There were few family activated MET calls. This positive result may stem from family education, but the authors report that they had limited data on such education. The lack of a validated tool to capture chart review information is noted as a potential weakness since some non-clinical MET calls might not have been recorded in the chart. The authors also note that the observed levels of family activated MET calls are consistent with other literature.
The impact of improvement interventions often varies with context, but the large number of potential factors to consider requires that researchers focus on a limited set of contextual measures they believe may influence success and future adaptation and spread. In the second example given, Dixon-Woods et al assessed variation in results of the implementation of the central line bundle to reduce catheter-related bloodstream infections in English ICUs.1 While English units made improvements, the results were not as impressive as in the earlier US experience. The researchers point to the prior experiences of staff in the English ICUs in several infection control campaigns, as contributing to this difference. Many English clinicians viewed the new programme as redundant, believing this was a problem already solved. The research team also notes that some of the English ICUs did not have an organisational culture that supported consistent implementation of the required changes.

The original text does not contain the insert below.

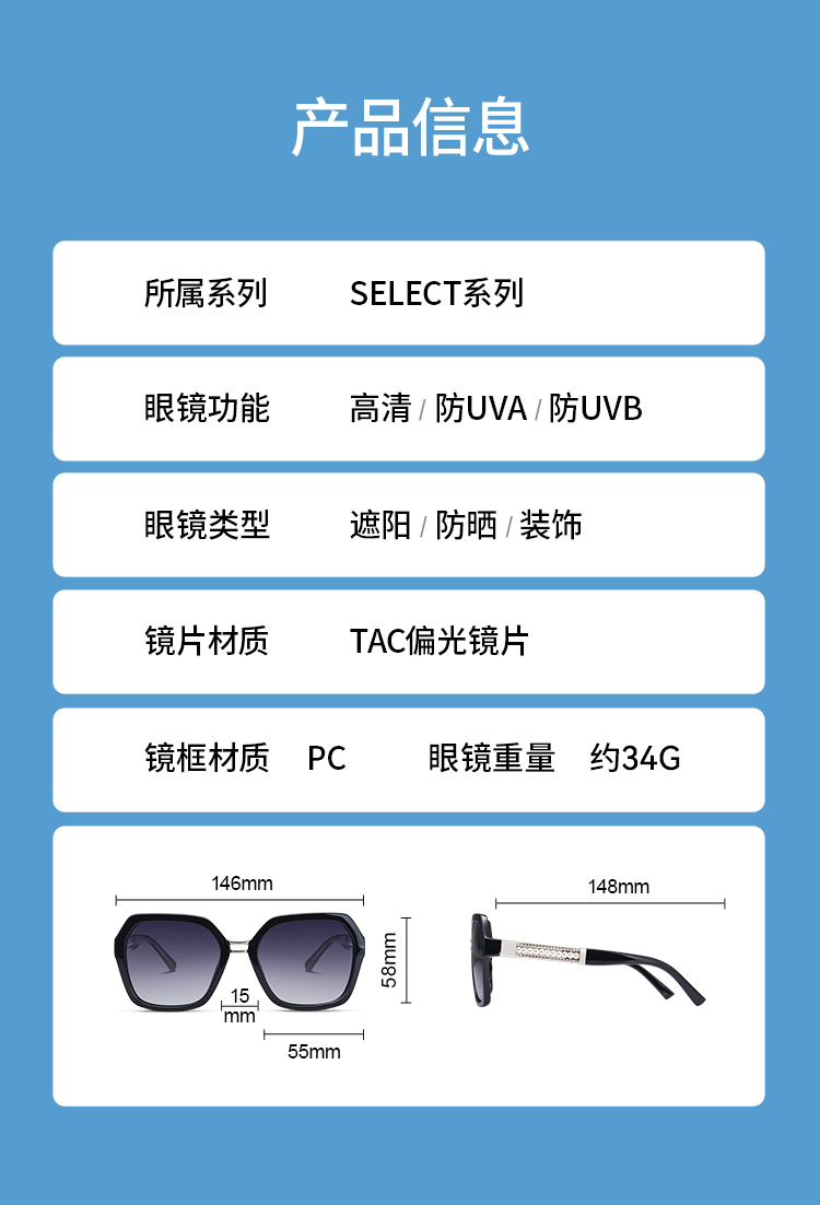 不仅外观时尚,防晒力也强,采用多层超微抗紫外线晶体科技材料,形成稳定的抗UV粒子防晒夹层,有效隔绝UVA、UVB带来99.9%*UV防护,升级高清偏光镜片,遮阳更有效,视觉更清晰。

Dixon-Woods et al relied on quantitative data on clinical outcomes as well as observation and qualitative interviews with staff. However, as they report, their study had several limitations. Their visits to the units were not longitudinal, so changes could have been made in some units after the researchers’ observations. They did not carry out systematic audits of culture and practices that might have revealed additional information, nor did they assess the impact of local factors including the size of the unit, the number of doctors and nurses, and other factors that might have affected the capability of the unit to implement new practices. Moreover, while the study included controls, there was considerable public and professional interest in these issues, which may have influenced performance and reduced the relative impact of the intervention. The authors’ report1 of the context and limitations is crucial to assist the reader in assessing their results, and in identifying factors that might influence results of similar interventions elsewhere.
Examples
Example 1
Our study had several limitations. Our study of family MET activations compared performance with our historical controls, and we were unable to adjust for secular trends or unmeasured confounders. Our improvement team included leaders of our MET committee and patient safety, and we are not aware of any ongoing improvement work or systems change that might have affected family MET calls. We performed our interventions in a large tertiary care children’s hospital with a history of improvement in patient safety and patient-centred and family-centred care.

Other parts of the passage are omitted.